▸ **About this exercise**:
Having located "Câu 2: Khi ông", write out its line and the remaining lines of the material exactly, the last one included, but not the pictures.

▸ **Exercise materials**:
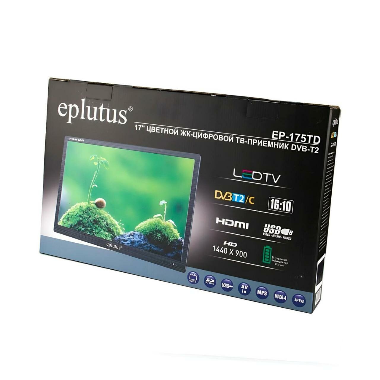 Купить Портативный телевизор 1440x900, телевизор Eplutus 175=TD (17”) 17 HD, черный. Телевизор с цифровым тюнером и аккумулятором 4000 мАч.
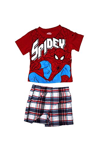 -. Title : Marvel Spider Man Baby Boys T Shirt & Plaid Short Outfit - Red White Blue
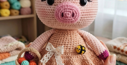 This bovine companion is engineered using the classic 60/40 ratio. Her heavy, domed head creates immediate emotional resonance, balanced by her small, pear-shaped body. The richly textured hair fringe requires patience, but the result is undeniably charming. We will complete her look with deeply scalloped, hand-crafted overalls.
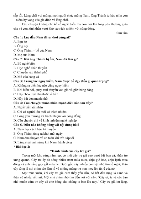 Câu 2: Khi ông Thành bị ốm, Nam đã làm gì? A. Bỏ nghề biển B. Học nghề chèo thuyền C. Chuyển vào thành phố D. Mở cửa hàng cá
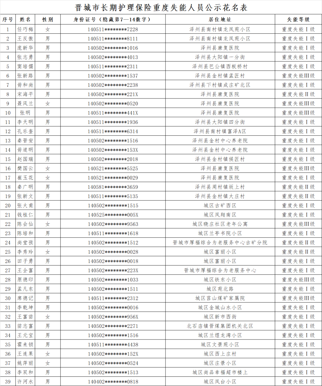 根据《长期护理失能等级评估标准(试行)》《晋城市长期护理保险失能评定管理办法(试行)》规定,经评定,任巧梅、王反傲等39位同志符合重度失能标准,现予以公示。

▸ **Exercise response**:
 Câu 2: Khi ông Thành bị ốm, Nam đã làm gì? A. Bỏ nghề biển B. Học nghề chèo thuyền C. Chuyển vào thành phố D. Mở cửa hàng cá
 根据《长期护理失能等级评估标准(试行)》《晋城市长期护理保险失能评定管理办法(试行)》规定,经评定,任巧梅、王反傲等39位同志符合重度失能标准,现予以公示。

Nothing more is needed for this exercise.